We have not considered and we render no opinion on any aspect of law other than as expressly set forth below. Additional issues may exist that could affect the U.S. federal tax treatment of the Business Combination, and this opinion does not consider or provide a conclusion with respect to any additional issues.

 

The opinion set forth below is based upon the Internal Revenue Code of 1986, as amended (the “Code”), the U.S. Treasury Regulations promulgated thereunder, administrative rulings, judicial decisions, and other applicable authorities, all as available and in effect on the date hereof. The statutory provisions, regulations, and interpretations upon which our opinion is based are subject to change, and any such change could apply retroactively.

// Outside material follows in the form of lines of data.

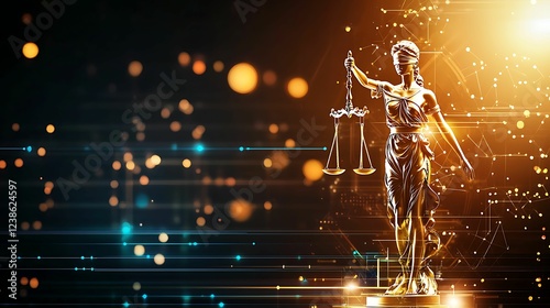 lawyer legal, ethics, justice, law, statue. A digital representation of Lady Justice holding scales, illuminated by glowing lights, symbolizing law, order, and fairness.
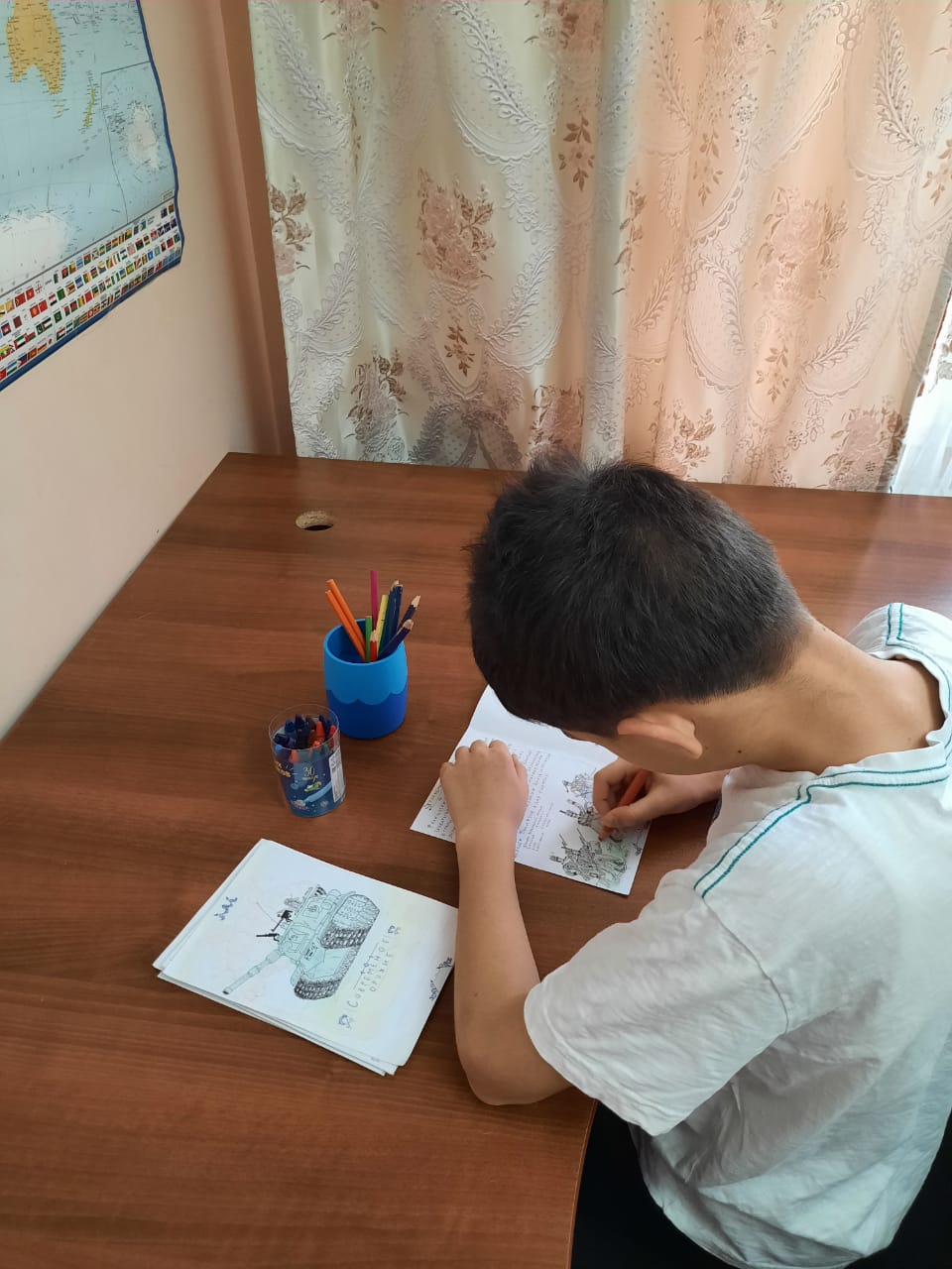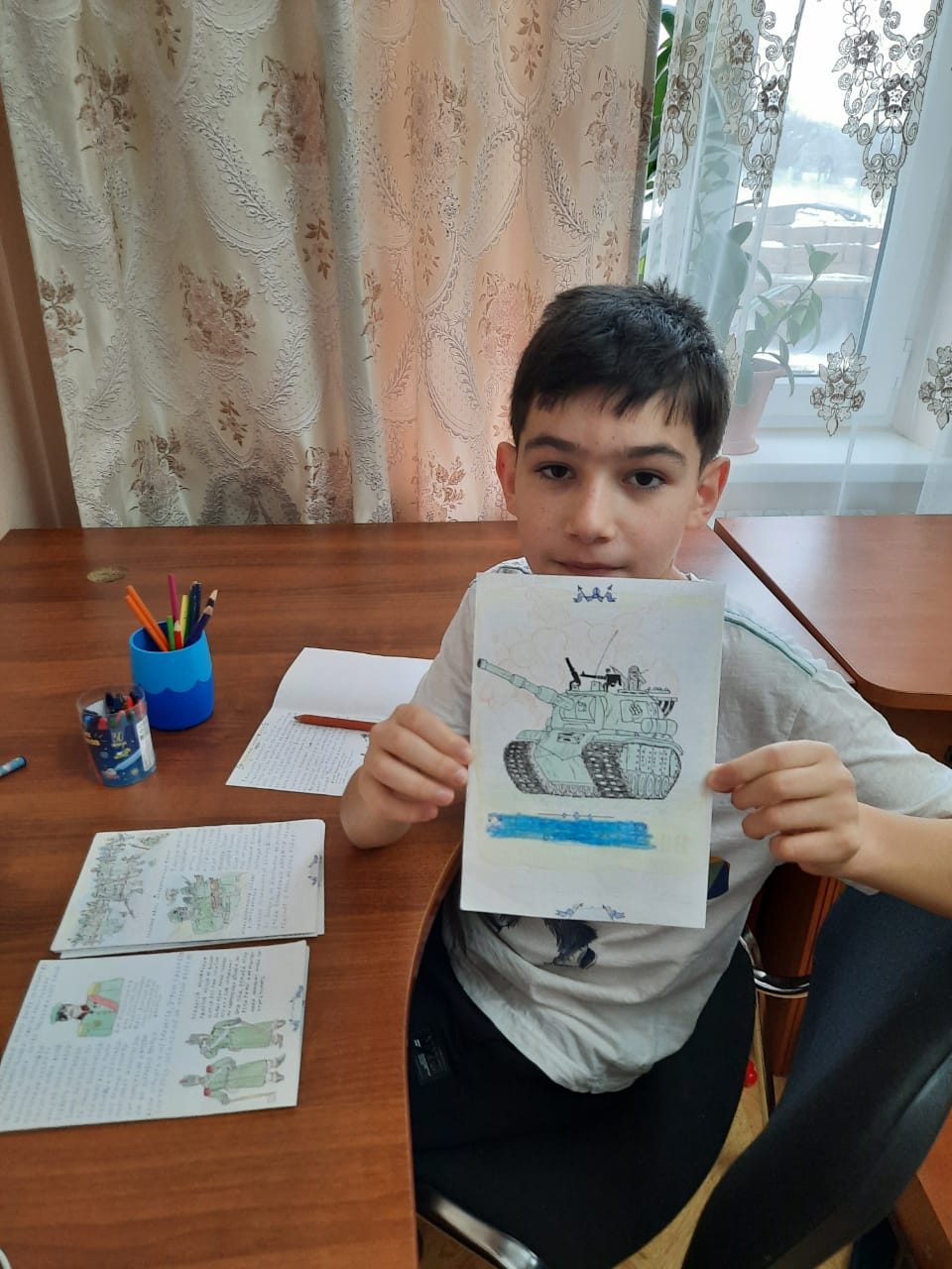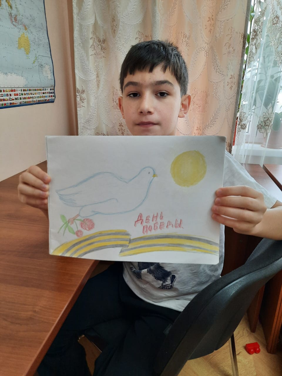 11.03.202211.03.2022 года Есамбулатов Саид ученик 7 «А» класса принял участие в акции «Рисуем Победу- 2022».
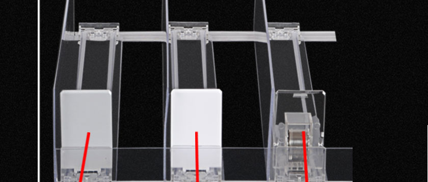 當(dāng)客人取走擺放在飲料推進(jìn)器上面的第一個(gè)商品后,后面的商品會(huì)自動(dòng)的往前推,始終讓商品展示在第一位,大大提升了商品的展示能力,不需要專門組織人工去整理貨物,節(jié)省人工和成本。

There can be no assurance that positions contrary to those stated in our opinion will not be asserted by the Internal Revenue Service (“IRS”) and (as customary in transactions of this type) no rulings will be obtained from the IRS regarding the U.S. federal income tax consequences of the Business Combination or otherwise in connection with the transactions effected pursuant to the Business Combination Agreement (and any other documents or agreements executed in connection with the transactions contemplated thereunder). This opinion is being delivered prior to the consummation of the Business Combination and therefore is prospective and dependent on future events. The opinion expressed below is as of the date hereof only, and we express no opinion as to, and assume no responsibility for, the effect of any fact or circumstance occurring, or of which we learn, subsequent to the date of this opinion letter, including, without limitation, legislative and other changes in the law or changes in circumstances affecting any party. We assume no responsibility to update this opinion letter for, or to advise you of, any such facts or circumstances of which we become aware, regardless of whether or not they affect the opinions expressed in this opinion letter.

 

Based upon and subject to the foregoing, and subject to the qualifications, assumptions and limitations contained herein and in the section in the Registration Statement under the heading “Certain U.S. Federal Income Tax Considerations”, it is our opinion that the Merger, the Conversion and the Exchange, taken together, should be treated for U.S. federal income tax purposes as a transaction described Section 351 of the Code. We express no opinion on the potential qualification of the Merger as a “reorganization” within the meaning of Section 368(a) of the Code, nor do we express any opinion on the U.S. federal income tax consequences of the Business Combination pursuant to Section 367 or Section 7874 of the Code or the passive foreign investment company rules.

 

This opinion is furnished to you solely for use in connection with the Registration Statement. We hereby consent to the filing of this opinion with the Securities and Exchange Commission as an exhibit to the Registration Statement, and to the references therein to us. In giving such consent, we do not hereby admit that we are in the category of persons whose consent is required under Section 7 of the Securities Act of 1933, as amended, or the rules and regulations of the Securities and Exchange Commission thereunder.